RECORDS:
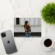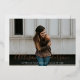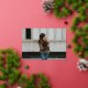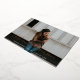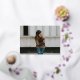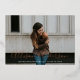Elegant graduation announcement featuring the graduate's horizontal photo and graduate's name in a real rose gold foil calligraphy script overlay. Personalize the photo graduation announcement by adding the school name and graduation year. The announcement reverses to display a white trellis pattern and black background or colour of your choice.
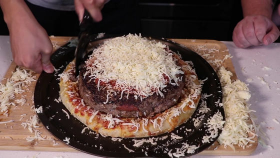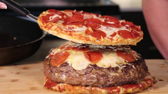 ピザを入れたハンバーグをピザで挟んだハンバーガーが入ったハンバーグを・・
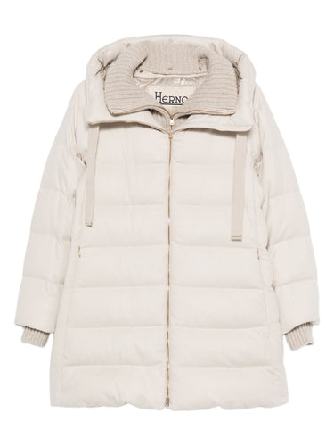 ecru quilted design hooded neckline ribbed cuffs front zip fastening long sleeves Midi down jacket
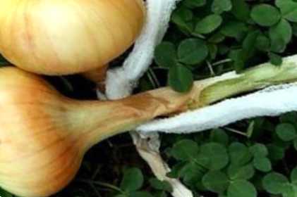 Сушити цибулю потрібно на вулиці. Попередньо покласти на землю полотняний або інший тканинний мішок, який пропускає повітря. Цибулю скласти в рядок. На ніч занести в приміщення, інакше до ранку плоди знову стануть вологими від ранкової роси і доведеться сушити заново.
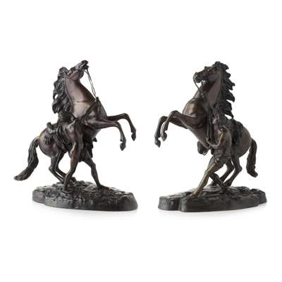 AFTER GUILLAUME COUSTOU, PAIR OF BRONZE MARLY HORSE FIGURES
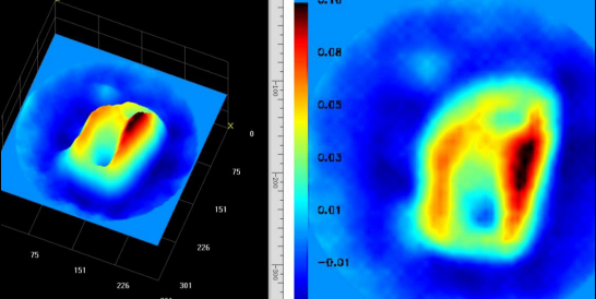 Рис.2. Реконструкция квадратного волнового фронта из четырехволновой межполовой интерферограммы
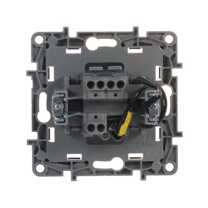- Благодаря изменяемой схеме подключения, лампа подсветки либо облегчает ориентирование в темноте, либо информирует о включении нагрузки.
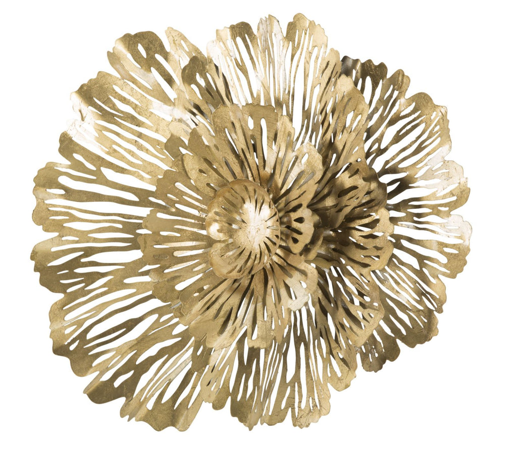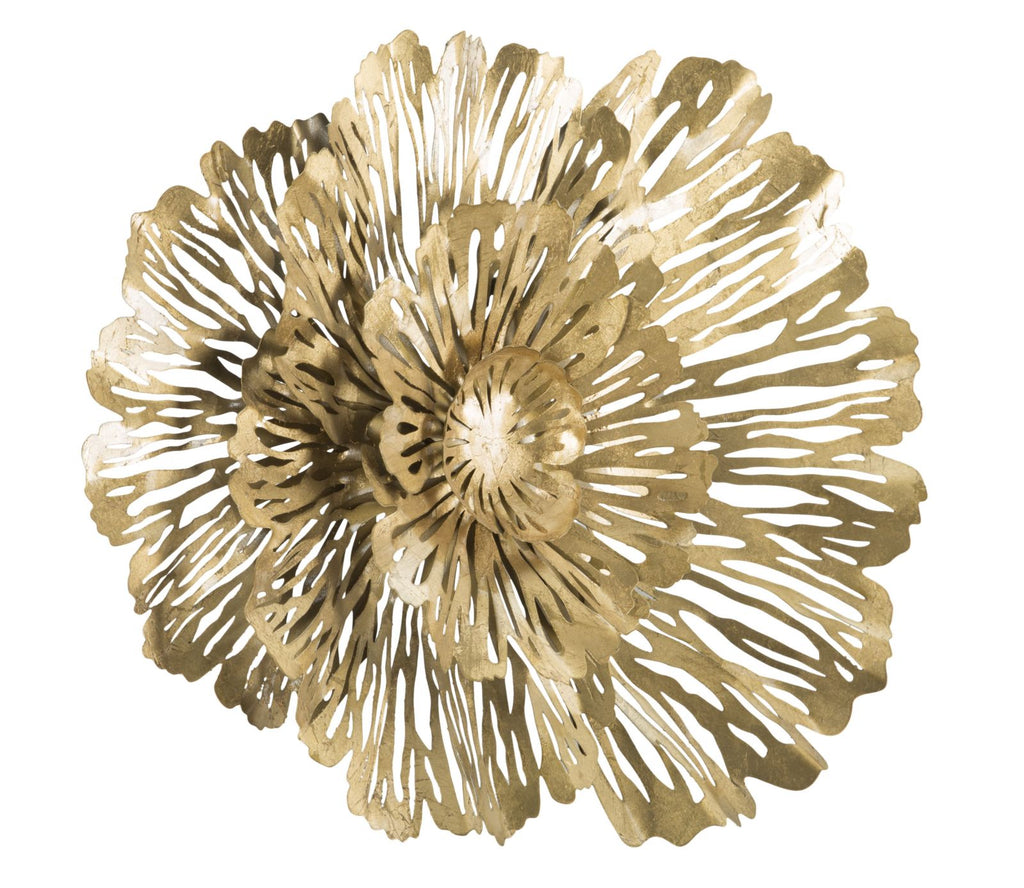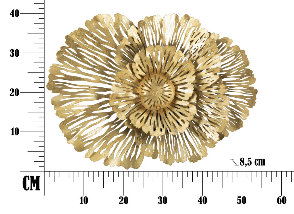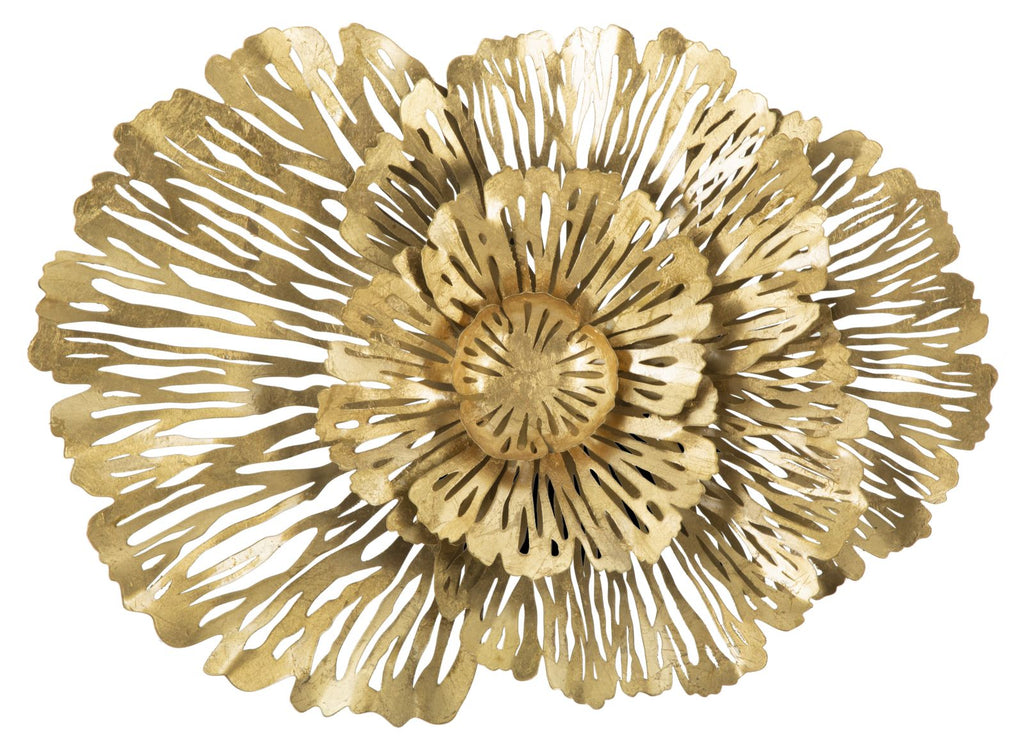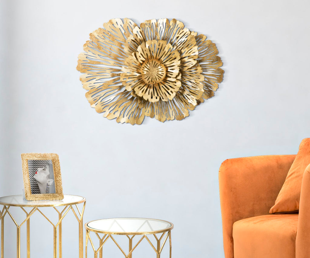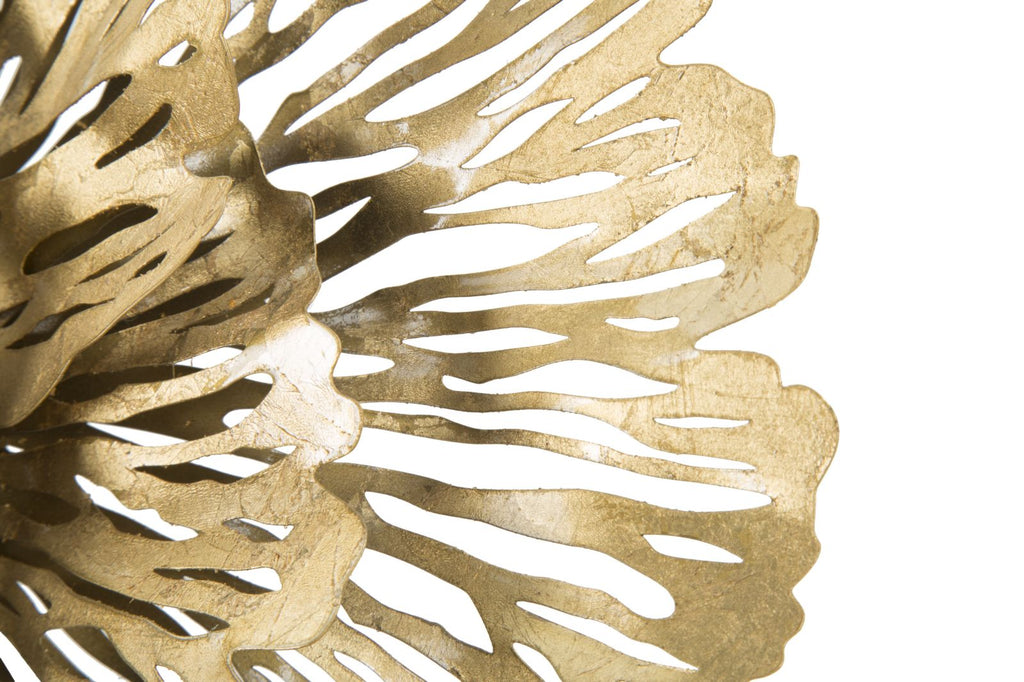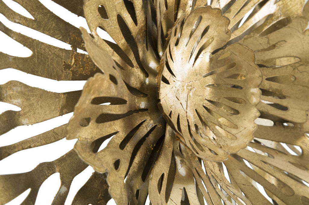 Panneau fleuri en métal doré. Les panneaux 3D sont la nouvelle tendance en matière de décoration murale. Le métal laqué se décline en formes géométriques, végétales ou animales qui donnent une allure glamour et surprenante à n'importe quelle pièce.
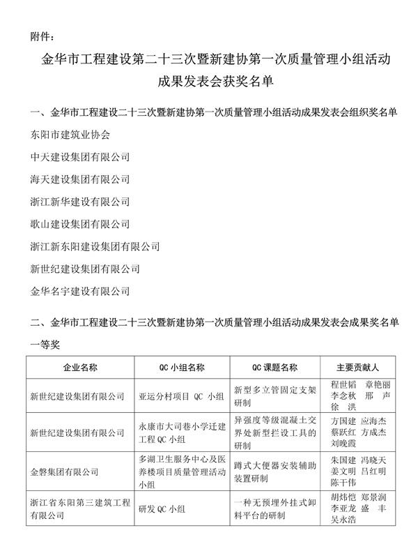 Prev:2020 Xianju Hebu bridge Zhejiang Municipal Excellent QC second prize
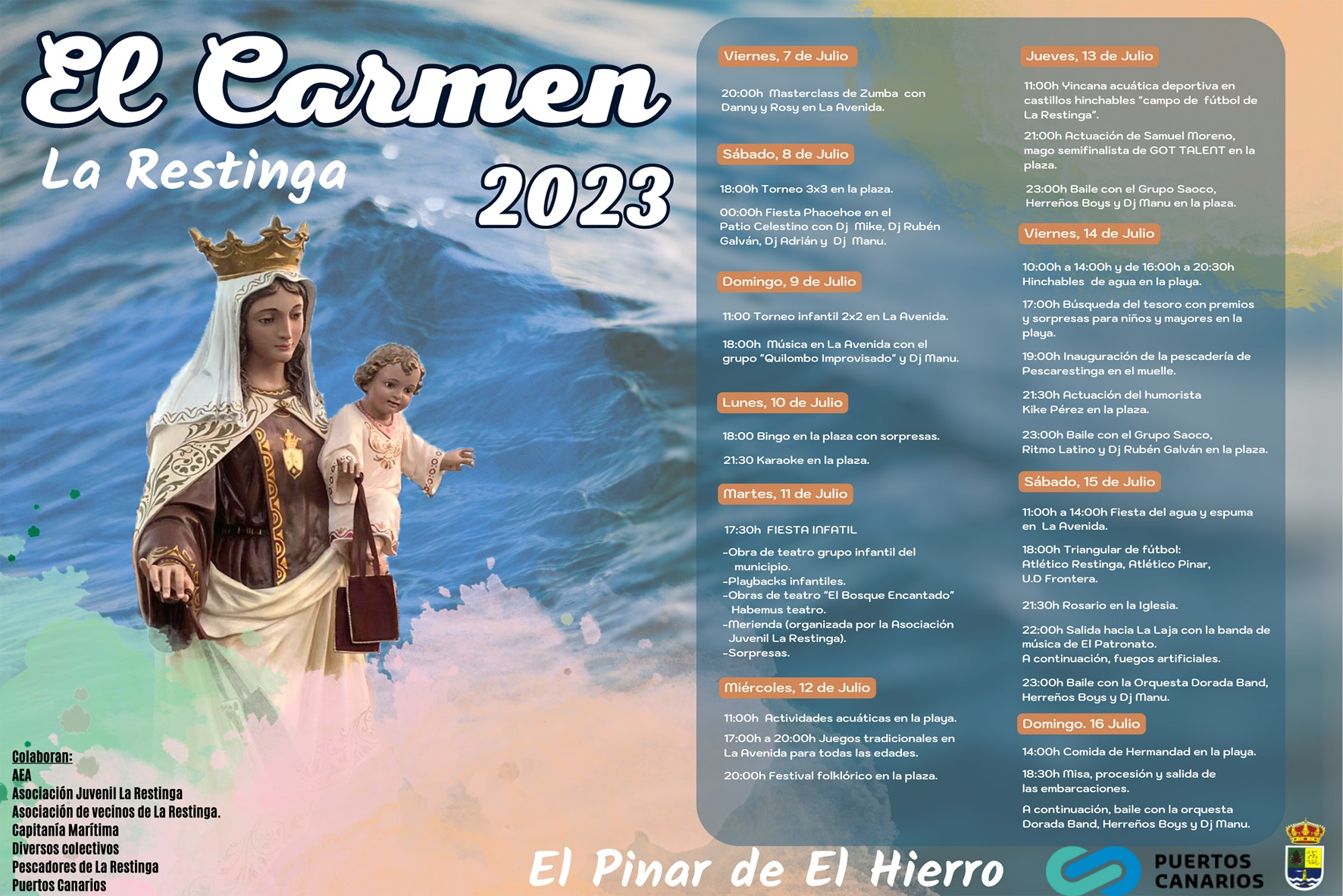 El Ayuntamiento de El Pinar de El Hierro organiza una nueva edición de las Fiestas del Carmen 2023, que se celebrarán del 7 al 16 de julio. La programación recoge actividades que fomentan la participación de todos los públicos.

TASK DESCRIPTION:
Your answer is all of the records restated word for word, pictures excluded.

RESULT:
Elegant graduation announcement featuring the graduate's horizontal photo and graduate's name in a real rose gold foil calligraphy script overlay. Personalize the photo graduation announcement by adding the school name and graduation year. The announcement reverses to display a white trellis pattern and black background or colour of your choice.
 ピザを入れたハンバーグをピザで挟んだハンバーガーが入ったハンバーグを・・
 ecru quilted design hooded neckline ribbed cuffs front zip fastening long sleeves Midi down jacket
 Сушити цибулю потрібно на вулиці. Попередньо покласти на землю полотняний або інший тканинний мішок, який пропускає повітря. Цибулю скласти в рядок. На ніч занести в приміщення, інакше до ранку плоди знову стануть вологими від ранкової роси і доведеться сушити заново.
 AFTER GUILLAUME COUSTOU, PAIR OF BRONZE MARLY HORSE FIGURES
 Рис.2. Реконструкция квадратного волнового фронта из четырехволновой межполовой интерферограммы
- Благодаря изменяемой схеме подключения, лампа подсветки либо облегчает ориентирование в темноте, либо информирует о включении нагрузки.
 Panneau fleuri en métal doré. Les panneaux 3D sont la nouvelle tendance en matière de décoration murale. Le métal laqué se décline en formes géométriques, végétales ou animales qui donnent une allure glamour et surprenante à n'importe quelle pièce.
 Prev:2020 Xianju Hebu bridge Zhejiang Municipal Excellent QC second prize
 El Ayuntamiento de El Pinar de El Hierro organiza una nueva edición de las Fiestas del Carmen 2023, que se celebrarán del 7 al 16 de julio. La programación recoge actividades que fomentan la participación de todos los públicos.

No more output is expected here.